Assessing scientific claims – for example, that a given drug regulates a given gene product in a certain way – can point toward better-designed experiments, says Evans. A claim made by 10 researchers, all in the same lab and all using basically the same experimental setup, is less compelling than a claim generated independently by five socially independent groups using different research protocols.

“In the second case,” says Evans, “you might have more confidence that the claim is valid – there’s more independent experimental support. And that’s an observation that resources like the Web of Science make possible. You can basically trace out the structure of the scientific communities that are generating a very precise, particular piece of knowledge, and use that to either assess its relative likelihood given a new experiment, or actually help run new experiments. This capacity can also suggest areas that would be promising, but the community of scientists hasn’t yet studied them.”

Across Boundaries

Another benefit of the work by Evans and colleagues is the surmounting of boundaries between disciplines – a task made easier with citation data. For example, researchers in human and mammalian biology are much less likely to review work in, say, plant biology, than are plant biologists to refer to research in humans and mammals.

“What happens is that questions from human biology enter plant biology, but discoveries and advances in plant biology are far less likely to enter human biology,” says Evans. “So you have cases where researchers in human and mammalian biology will discover something that’s been known in plant biology for decades, and then they’ll get a Nobel Prize.

“By building these networks with citation data and other tools, you can identify questions or possibilities that have been discovered in certain areas but, because of biases in the attention of various specialty fields, are just never given air time in places where they potentially could have had a lot of value. Researchers could have been asking those questions, in some cases, 50 years earlier.
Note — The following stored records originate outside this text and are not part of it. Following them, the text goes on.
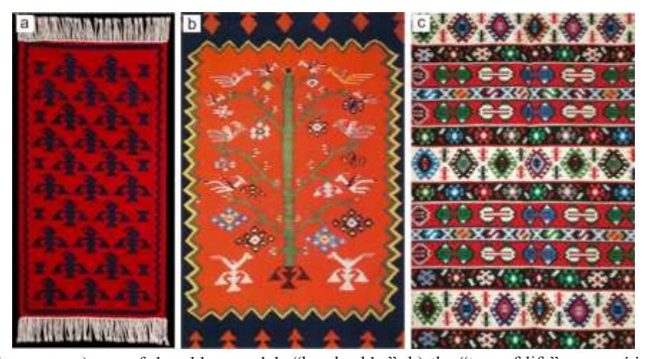
Fig. 1. Chiprovtsi carpets: a) one of the oldest models "karakachka"; b) the "tree of life" composition with geometric floral and birds figures; c) a detail of the model "kufarite" with complex composition, known from the ornamental period.

The traditional carpet ornamentations of the Chiprovtsi region are highly stylizing geometric forms which are symmetrically organized. The first ornamental shape which is determined by the technique of weaving is a triangle (Stankov, 1964). The motifs are closely interlocked, and although recognizable as various figures, they function simply as motifs in the pattern, in some cases structured by complex two-dimensional symmetries.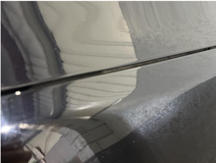
1: Wing of Scratched Over 25mm Thru Paint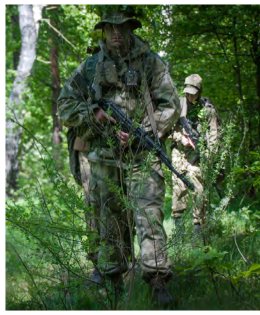
Field Training Image Courtesy: Russian Ministry of Defense

late 2016, the Russian Federation announced Russian officers occupying command positions would wear new badges to signify their positions. The new badge has unofficially been dubbed "wings" on account of its appearance, and is reportedly based on traditions from the Tsarist Army. These new badges are worn by commanders-in-chief of branches of the Armed Forces, commanders of military districts and branches of troops, and commanders of divisions, brigades, regiments, and separate battalions. The new symbols also appear on the uniforms of chiefs of military educational institutions and secondary educational institutions (Suvorov and Nakhimov military schools), that are administered by the military authorities. The new badge consists of the Russian tricolor with centrally placed badges of Armed Forces services (Ground Troops, Aerospace Troops, and Navy) or branches of troops (artillery, railroad, engineering, tank troops, etc.) and symbols of military units, military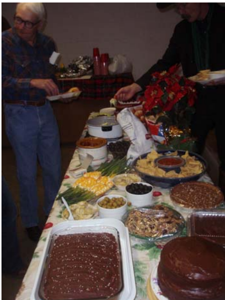
Above: Members and guests enjoy a festive meal. Left: "The Fixins!" Below: The stage decorations.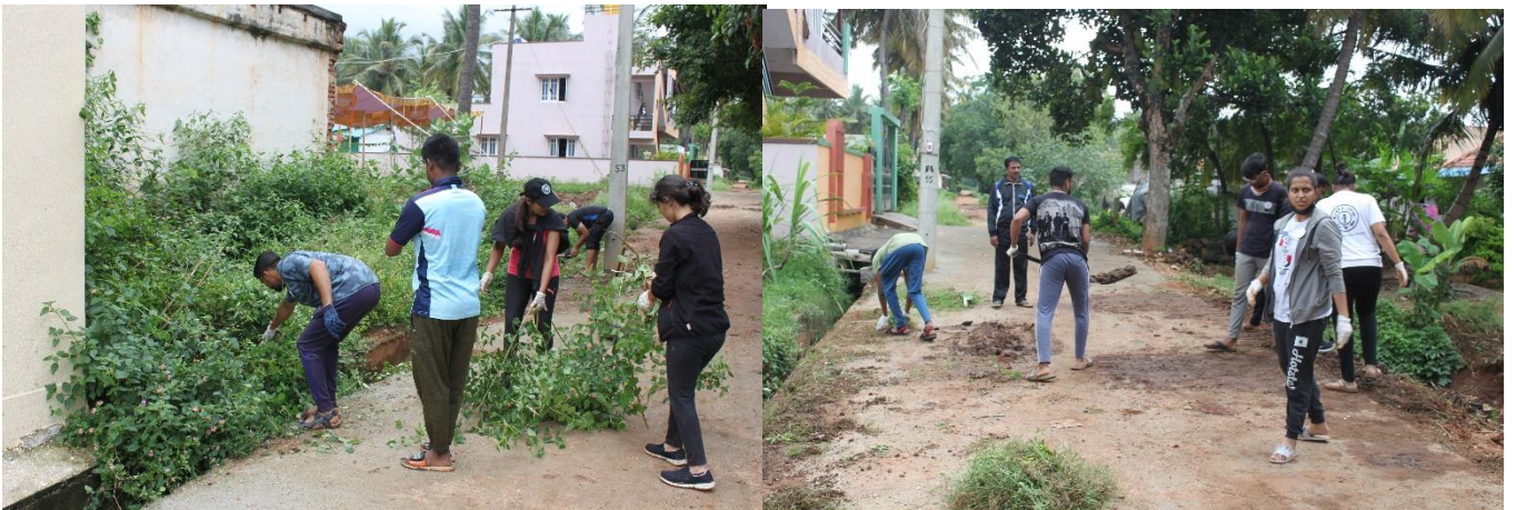
Volunteers cleaning the village streets and drains

We can now discern and overcome a lot of those boundaries with resources like the Web of Science, through citation patterns, co-authorship networks, and even the patterns of shared distributions of words.”

Evans and his Knowledge Lab colleagues, along with the Metaknowledge Research Network, continue their work to advance the science of science. One large project is a DARPA-funded study to determine the most efficacious cocktail of anti-cancer agents. Other work is pointed toward building effective teams and choosing the optimal experiment.

Evans’s hope is that, ultimately, this work will continue to prove itself and will earn more adherents. “You win over science with science,” he says. “If huge stakeholders such as the NIH and the Department of Defense – these concentrated decision-makers who control enormous quantities of the resources behind entire fields – if they want to organize things differently, it can happen.”

As Evans notes, the proper tools have made all the difference. “Looking at science as a system allows you to think about portfolios of projects and portfolios of hypotheses in a way that was just not accessible before these kinds of resources, and Web of Science is the premier arrow in that quiver.”